Characterizing Pain Flares From the Perspective of Individuals With Symptomatic Knee Osteoarthritis.
Arthritis care & research. 2015;(8):1103-11
OBJECTIVE Although pain in knee osteoarthritis (OA) commonly affects activity engagement, the daily pain experience has not been fully characterized. Specifically, the nature and impact of pain flares is not well understood. This study characterized pain flares as defined by participants with knee OA. Pain flare occurrence and experience were measured over 7 days. METHODS This was a multiple methods study; qualitative methods were dominant. Data were collected during the baseline portion of a randomized controlled trial. Participants met criteria for knee OA and had moderate to severe pain. They completed questionnaires and a 7-day home monitoring period that captured momentary symptom reports simultaneously with physical activity via accelerometry (n = 45).

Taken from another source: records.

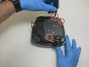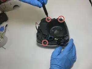 Удалите три винта длиной 26,7 мм, крепящие корпус мотора к нижней части, с помощью отвертки Torx T3.
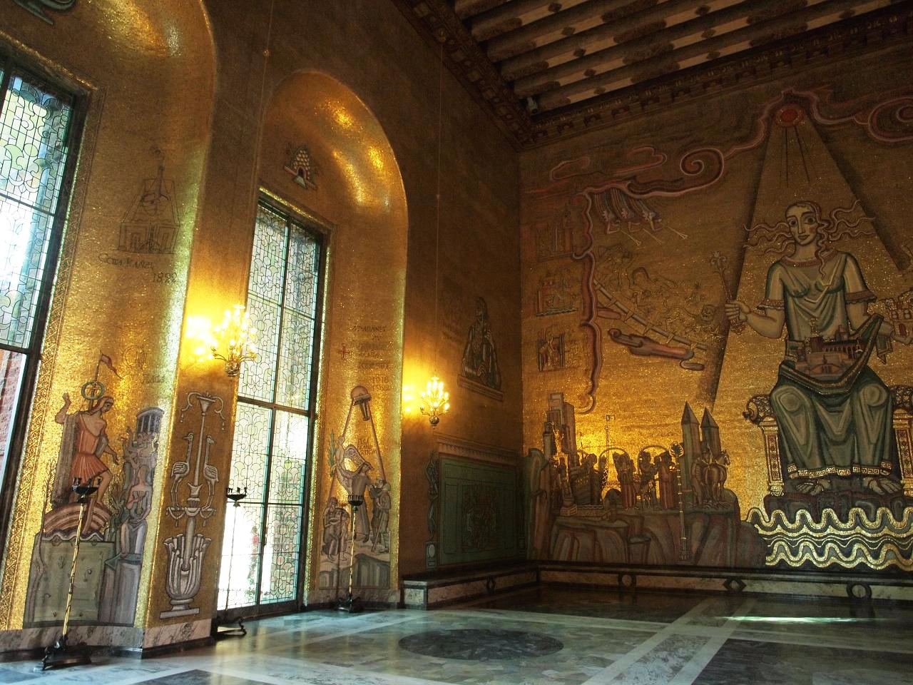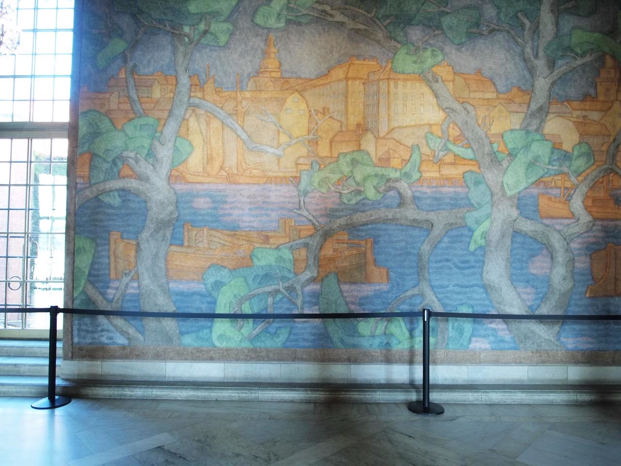 원형방을 지나자 빛이 부드럽게 들어오는 아름다운 복도가 나타났다. 시청사 건축 당시의 국왕은 오스카르 2세였는데 그의 막내아들, 유겐 나폴레온 니콜라스는 왕자이자 화가였다. 멜라렌 호수의 풍경을 사랑했던 왕자는 이 복도에서 보이는 창밖의 풍경을 그대로 반사시켜 창의 반대쪽 벽에 프레스코화를 그렸다. 왕자의 한붓 한붓이 스며있는 이 곳은 그래서 이름도 ‘왕자의 방’이다. 실제로 창 밖을 내다보니 왕자의 마음이 이해가 가고도 남는다. 어마어마한 길이의 벽을 가득 채운 작품을 보고 있자니 왕자의 애정과 열정이 고스란히 전해져 온다.
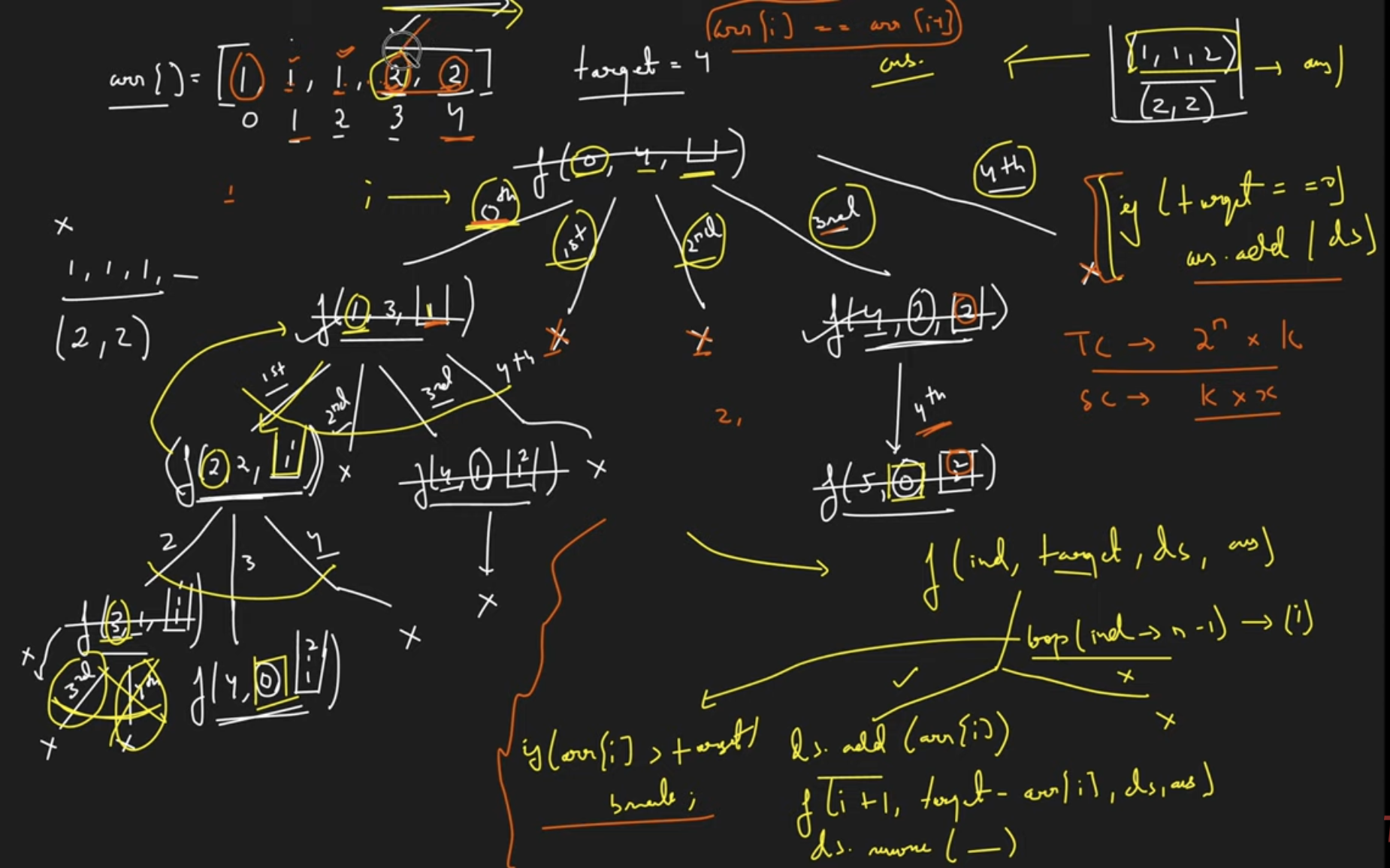 Input: candidates = [2,5,2,1,2], target = 5 Output: [ [1,2,2], [5] ]“
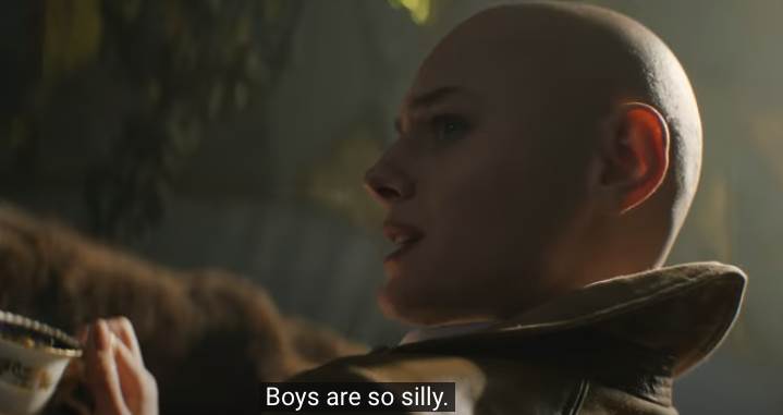 After some more clips of Deadpool and Wolverine fighting, we get our best look at the character yet as she says “boys are so silly." Marvel was careful not to include the character’s name in the closed captioning this time.
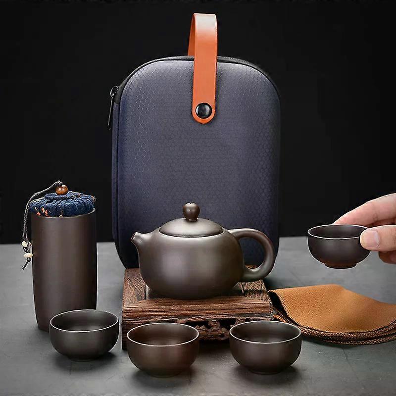 Purple Clay Travel Tea Set Outdoor Portable Kung Fu Tea Set Teas Infuser Teapot Teacup Filter Teas Brewing Utensils Teaware Sets
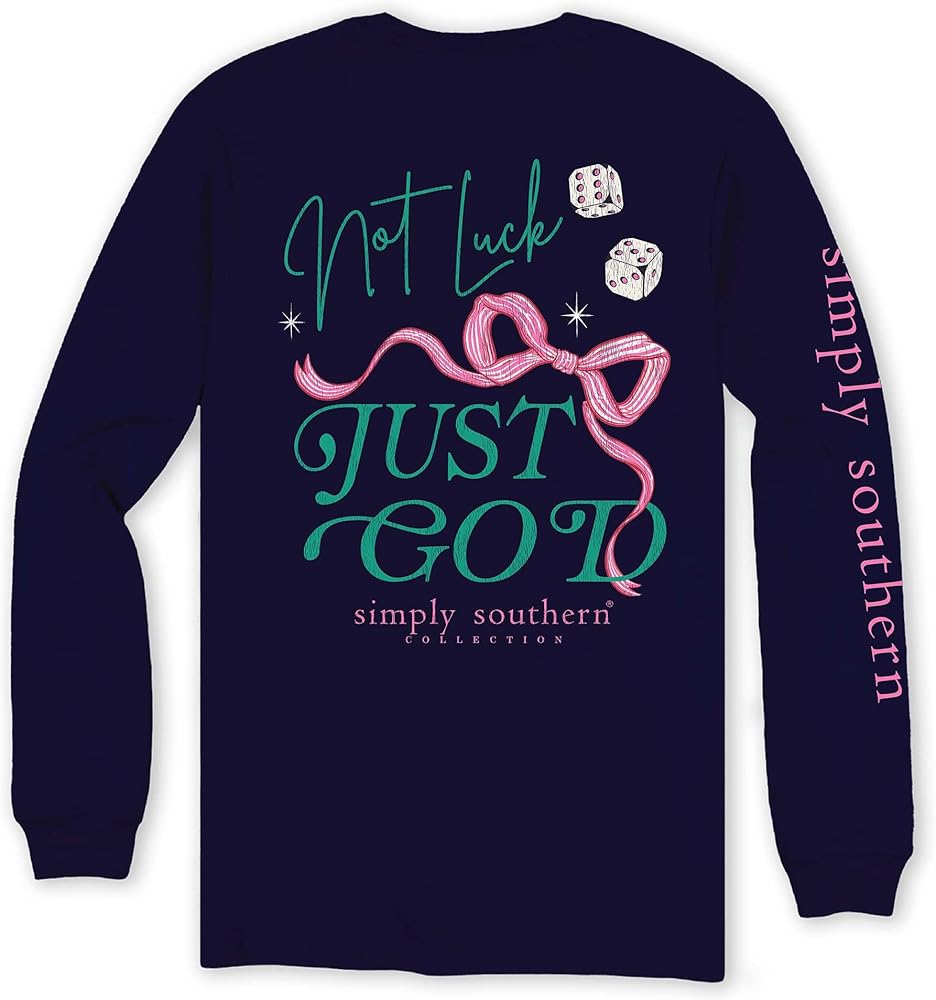 Embrace the divine power of faith with this stylish long sleeve shirt. The bold "Not Luck, Just God" design featuring a whimsical pink bow and dice motif makes a statement about relying on a higher power. Crafted from premium materials, this comfortable top from the Simply Southern Collection is perfect for casual wear. The sleeves feature the brand's name, adding a touch of Southern flair. Whether you're running errands or enjoying a night out, this shirt will keep you looking fashionable while expressing your spiritual beliefs. Available in a range of sizes to suit your preference.

Participants also provided individual definitions of pain flare that were used throughout the home monitoring period to indicate whether a pain flare occurred. RESULTS Pain flares were described most often by quality (often sharp), followed by timing (seconds, minutes) and by antecedents and consequences. When asked if their definition of a flare agreed with a supplied definition, 49% of the sample reported only "somewhat," "a little," or "not at all." Using individual definitions, 78% experienced at least 1 daily pain flare over the home monitoring period; 24% had a flare on more than 50% of the monitored days. CONCLUSION Pain flares were common, fleeting, and often experienced in the context of activity engagement. Participants' views on what constitutes a pain flare differ from commonly accepted definitions. Pain flares are an understudied aspect of the knee OA pain experience and require further characterization.